Amaral, Adelaide

[N. Ponta Delgada, 18.8.1837- m. Rio de Janeiro, 13.9.1899] Actriz luso-brasileira. Aos 7 anos de idade emigrou para o Brasil (1844), fixando-se no Rio de Janeiro. Nesta cidade viveu depois quase sempre. Também passou temporadas no Recife e em Porto Alegre, que, depois do Rio de Janeiro, eram, nessa altura (2.ª metade do século xix), as cidades do Brasil com vida literária e teatral mais intensa. Foi casada com o actor Pedro Joaquim da Silva Amaral, cujo apelido adoptou.

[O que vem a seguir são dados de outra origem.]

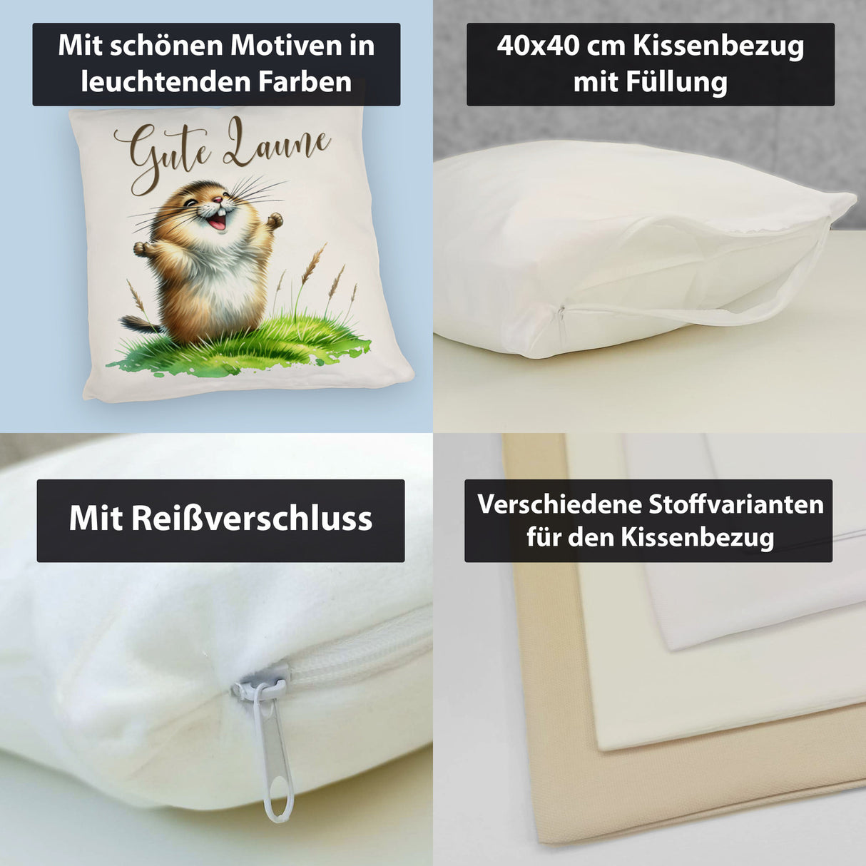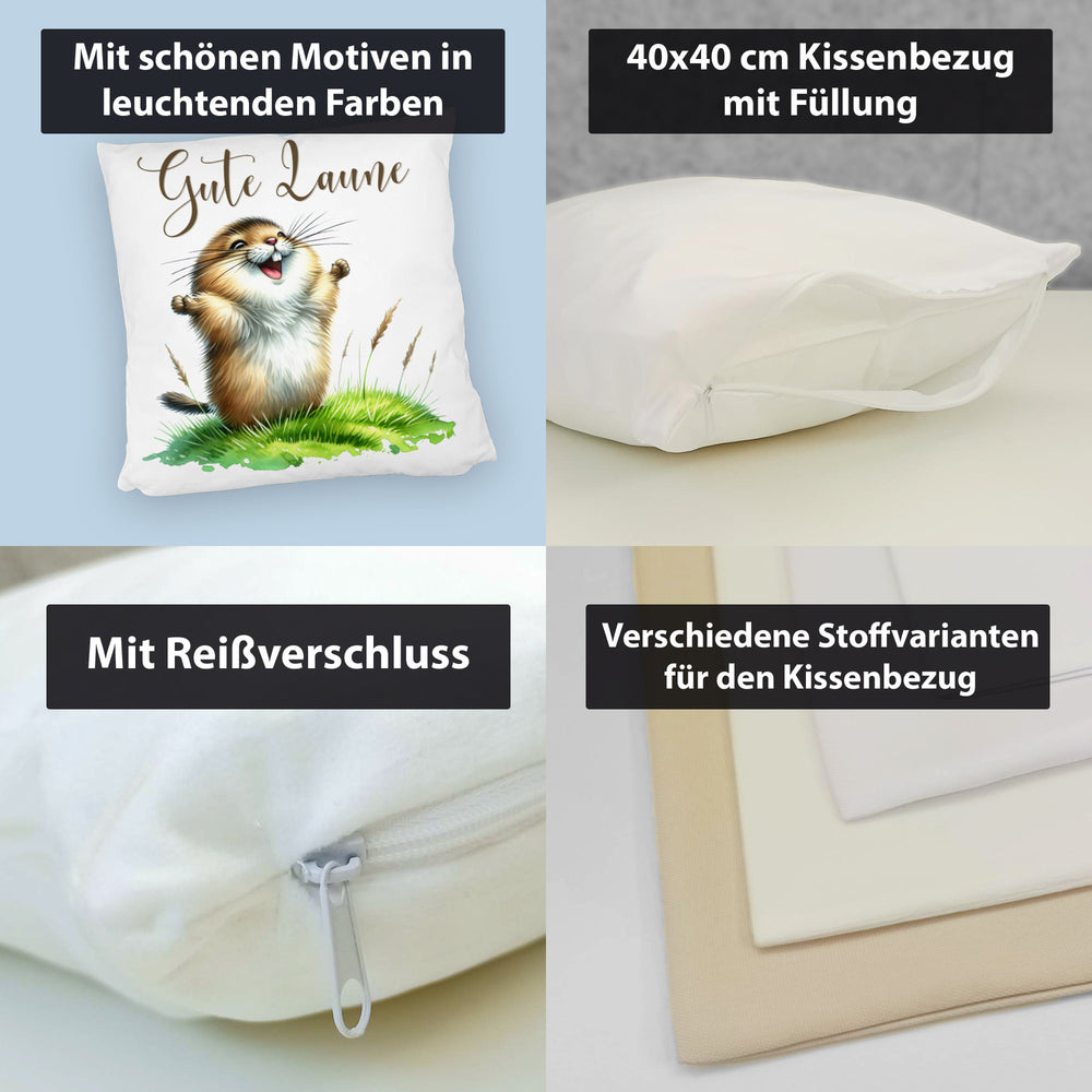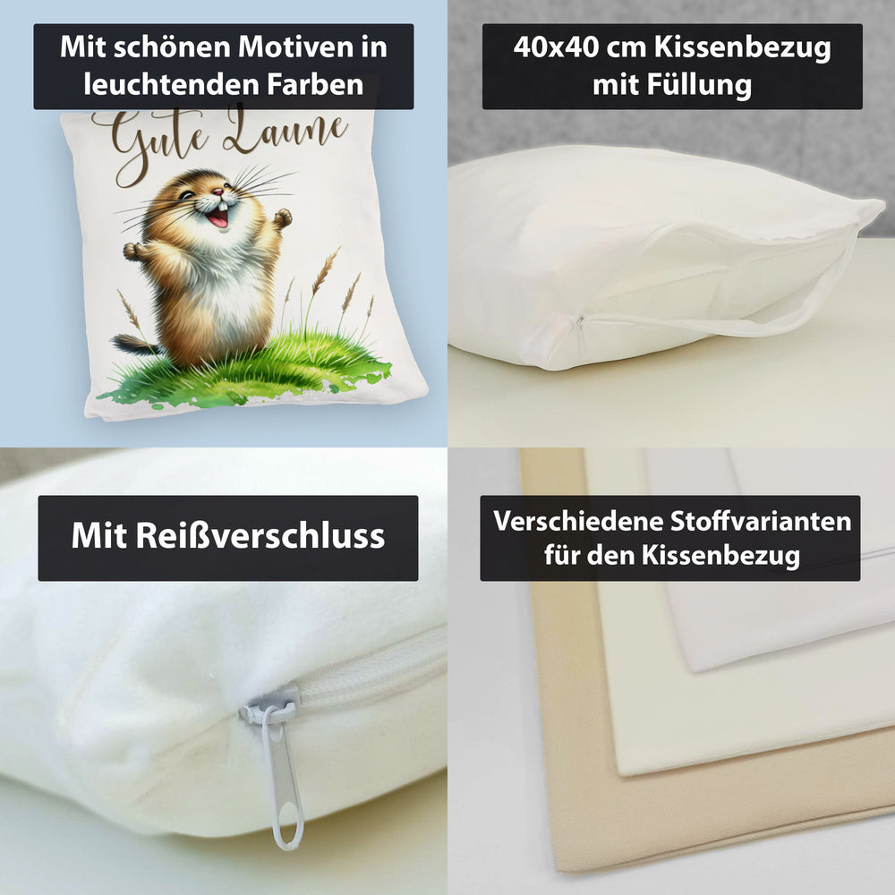 - 1x jubelnder Lemming Kissen mit Spruch Gute Laune in der gewählten Ausführung

Estreou-se pelo meado dos anos 50, quando a tragédia clássica e o dramalhão histórico ultra-romântico já começavam a ceder lugar nos palcos brasileiros ao drama de casaca - o teatro de actualidade -, talhado por um figurino importado directamente de Paris em traduções de Dumas Filho, Sardou, Augier, Scribe, etc., a que Pinheiro Guimarães, com a sua História de uma Moça Rica (1861), Sizenando Nabuco, com O Cínico (1861), França Jr., com Tipos de Actualidade (1862), etc., deram rosto brasileiro, escrevendo dramas e comédias inspirados na realidade social brasileira da época. Adelaide Amaral deixou o nome ligado a este movimento renovador do teatro no Brasil, interpretando com enorme êxito os papéis das protagonistas das peças atrás referidas e de outras da mesma escola. Por esse tempo, com pouco mais de 20 anos, já era considerada pela crítica e pelo público uma das maiores comediantes do Brasil. A sua rivalidade com a actriz Eugénia Câmara, também de origem portuguesa, alvoroçou em 1865 as noites do Teatro Santa Isabel, do Recife, e deu origem a uma famosa pugna literária entre os poetas Castro Alves, por Eugénia Câmara, e Tobias Barreto, por Adelaide Amaral. Ainda assistiu ao triunfo do realismo na cena brasileira (último quarto de Oitocentos), acabando os seus dias pelo final do século, quando o público já começava a virar as costas ao drama e à comédia realistas para aplaudir a revista, a opereta, a mágica e outro teatro de divertimento. Eduíno de Jesus (1998)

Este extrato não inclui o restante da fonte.